Data Controller’s Rights

As a data controller, our clients possess various rights, including the issuance of instructions concerning the specifics of Personal Data processing, mandating security measures to safeguard Personal Data, conducting audits to ensure compliance with data protection regulations, controlling the engagement of sub-processors to manage data processing effectively, being promptly notified of any breaches involving Personal Data, and retaining the authority to terminate contracts in cases of non-compliance.

Data Processor Obligations

In our data handling, we strictly adhere to Data Controller directives and PDPA laws, ensuring lawful and purpose-specific data usage. Robust security measures like encryption and secure storage prevent unauthorized access and data loss. We promptly notify stakeholders in case of breaches, facilitate data subject rights, and obtain transparent consent for data processing. We handle international transfers carefully and cooperate with audits, ensuring data accuracy and confidentiality. Our data collection is purpose-limited, and we respect deletion requests, utilizing anonymization for privacy protection. These practices demonstrate our commitment to protecting Personal Data, ensuring compliance with PDPA and other regulatory requirements, and upholding the privacy and security of the data entrusted to us.
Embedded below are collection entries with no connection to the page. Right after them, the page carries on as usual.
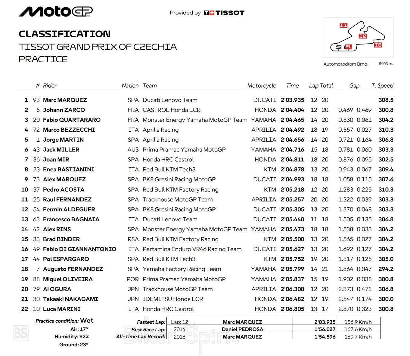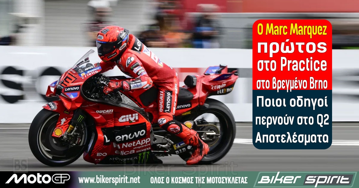 O Marc Marquez πρώτος στο Practice στο βρεγμένο Brnο – Ποιοι οδηγοί περνούν στο Q2 – Αποτελέσματα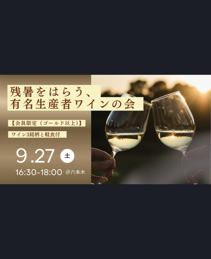 【投資会員様向けイベント開催】残暑をはらう、有名生産者ワインの会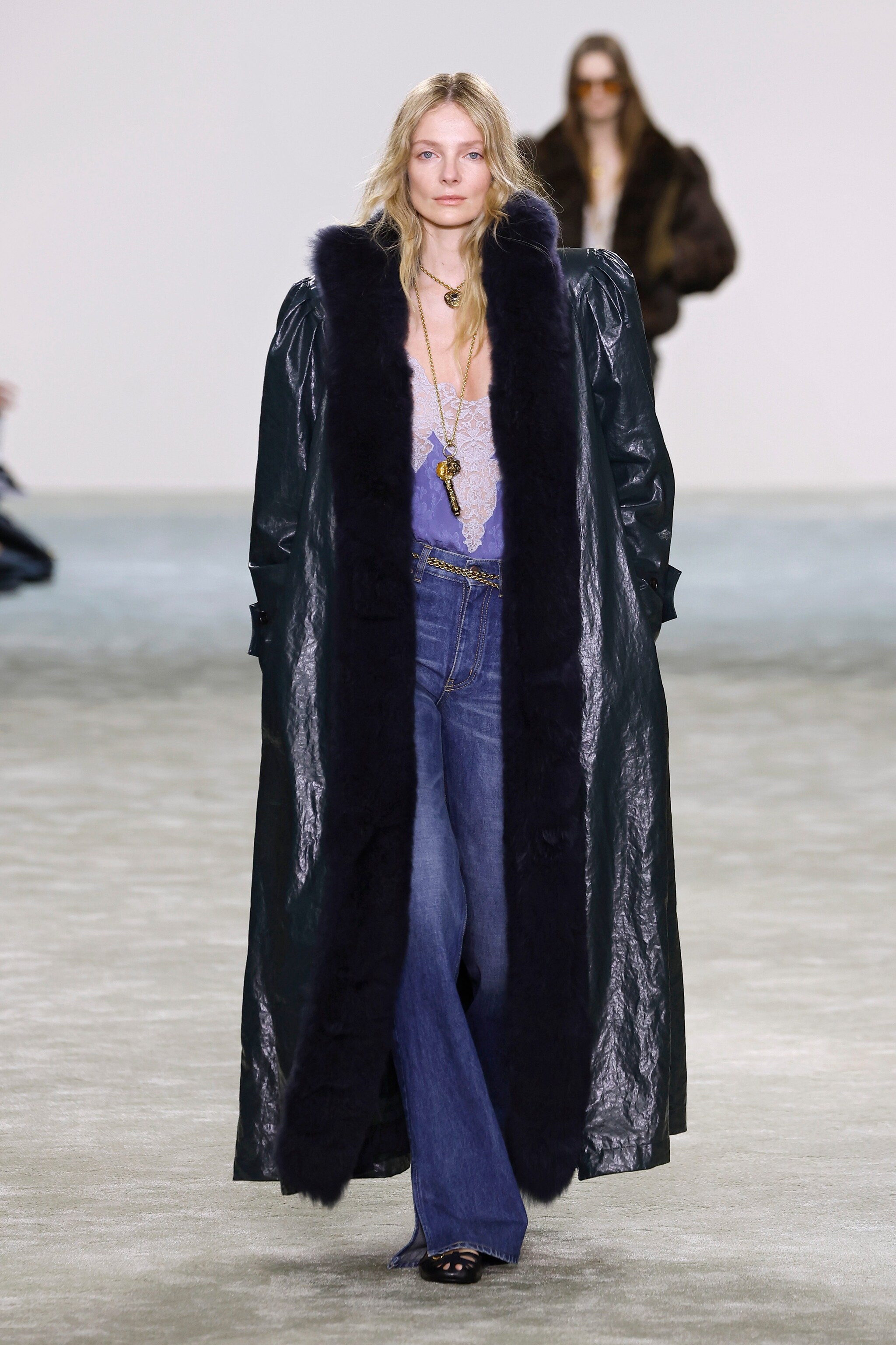 Abiti in seta e modelli in pizzo, dettagli in pelliccia, ruche e volant sfilano alla Paris Fashion Week sulla passerella Autunno/Inverno 2025-2026 di Chloé

Cross-border Data Transfer

The transfer of Personal Data beyond the borders of Thailand is contingent upon the existence of robust measures ensuring an adequate level of protection and the implementation of appropriate safeguards.

Sub-processor Engagement

Our engagement with sub-processors is conducted with due diligence and under contractual terms that require them to adhere to the same data protection standards as Us, ensuring the integrity and security of Personal Data throughout the processing chain.

Children’s Data

We are committed to protecting the privacy of children’s data and will take appropriate steps to ensure compliance with Thailand’s data privacy laws in this regard.